Purpose of review: Bilateral vocal fold paralysis (BVFP) is a complex condition with a range of aetiologies and clinical presentations. Whilst spontaneous improvement may occur in a significant number of cases (48-70%), in the absence of recovery, multiple operations have been used to improve the airway. This review aims to analyse recent literature surrounding the management of BVFP and discuss changes in practice.

Recent findings: Suture lateralization in neonates is an emerging trend and has been recently reported to have good success rates in managing BVFP and preventing tracheostomy. Laryngeal electromyography (L-EMG) may be used to confirm the diagnosis and differentiate from fixation. Corticobulbar motor-evoked potentials (Co-MEPs) is a complimentary technique to L-EMG, which studies the corticobulbar tract and enables visualization of the motor pathway from the brainstem to the peripheral nerves. Currently, there is no reliable method available to predict prognosis. Recent comprehensive reviews of the published literature have described the outcomes for surgical intervention, with no technique proving clearly superior overall.

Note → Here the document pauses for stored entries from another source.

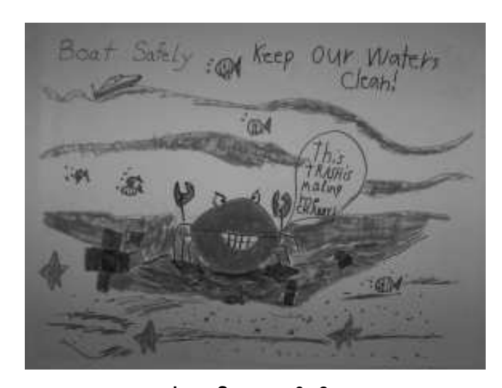
Lane Sweaney 6 - 8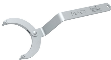
Flexible socket wrench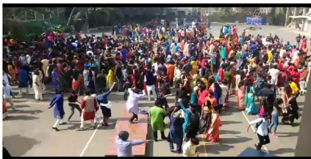
TRADITIONAL DAY (2018-2019)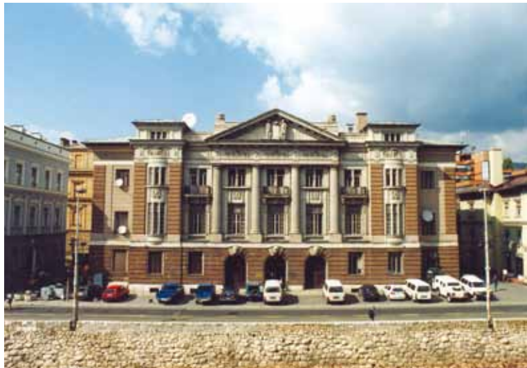
The Mission to Bosnia and Herzegovina's first headquarters in downtown Sarajevo (OSCE)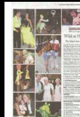
The New York Times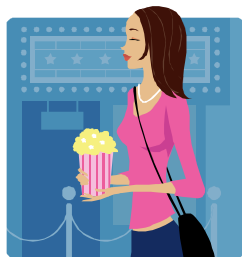
"Girl's Night Out @ the Flatwoods Library

For more information or if you have any questions stop in or contact the library.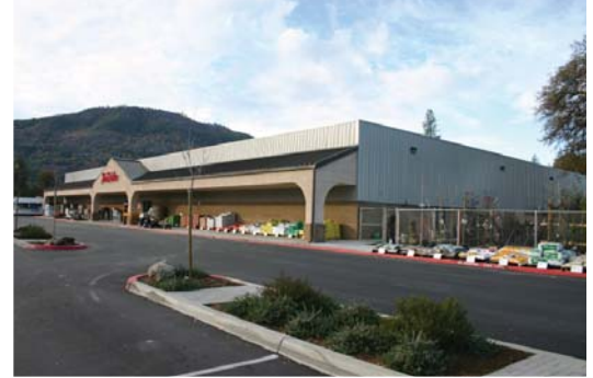
True Value Hardware Oakhurst, California Richard Hedman, Inc., Builder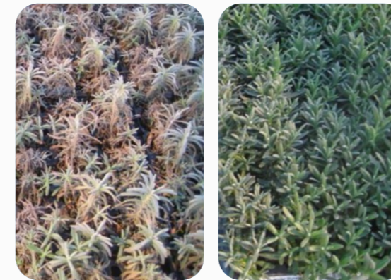
Images: Comparison of lavender plants without Peroxide UltraPure™ (left), and with Peroxide UltraPure™ (right). Plants that received Peroxide UltraPure™ show a much lower incidence of phythium..

Peroxide UltraPure™ eliminates these pathogens while boosting plant resistance, ensuring healthier crops and clean irrigation—without chemical byproducts.

Summary: The wide range of aetiologies and the variable recovery rates mean standardized management of BVFP is not possible. L-EMG is not a reliable prognostic indicator of recovery. There is an emerging trend of suture lateralization to avoid tracheostomy. Extensive recent reviews have not identified a lateralization procedure that is superior overall. Small numbers of bilateral reinnervation have reported worldwide (n = 26) with some vocal cord recovery reported but relatively low decannulation rates at present (66%).

儿童双侧声带麻痹的处理。
综述目的:双侧声带麻痹(BVFP)是一种复杂的疾病,具有多种病因和临床表现。虽然在相当数量的病例中(48-70%)可能会自发改善,但在没有恢复的情况下,多次手术已被用于改善气道。这篇综述旨在分析最近关于BVFP管理的文献,并讨论实践中的变化。最近的研究结果:新生儿缝线侧向化是一种新兴趋势,最近有报道称缝线侧向化在治疗BVFP和预防气管切开术方面具有良好的成功率。喉肌电图(L-EMG)可用于确认诊断和区分固定。皮质球运动诱发电位(Co-MEPs)是一种与左旋肌电图互补的技术,它研究皮质球束并使从脑干到周围神经的运动通路可视化。目前,尚无可靠的方法预测预后。最近对已发表文献的综合综述描述了手术干预的结果,没有一种技术证明明显优于整体。摘要:BVFP的病因范围广,恢复率多变,这意味着不可能进行标准化管理。左肌电图不是一个可靠的康复预后指标。为了避免气管切开术,缝合侧化已成为一种新趋势。最近广泛的综述并没有发现一种总体上更优越的侧化手术。世界范围内报道了少数双侧神经再生(n = 26),报道了一些声带恢复,但目前的脱管率相对较低(66%)。
本文章由计算机程序翻译,如有差异,请以英文原文为准。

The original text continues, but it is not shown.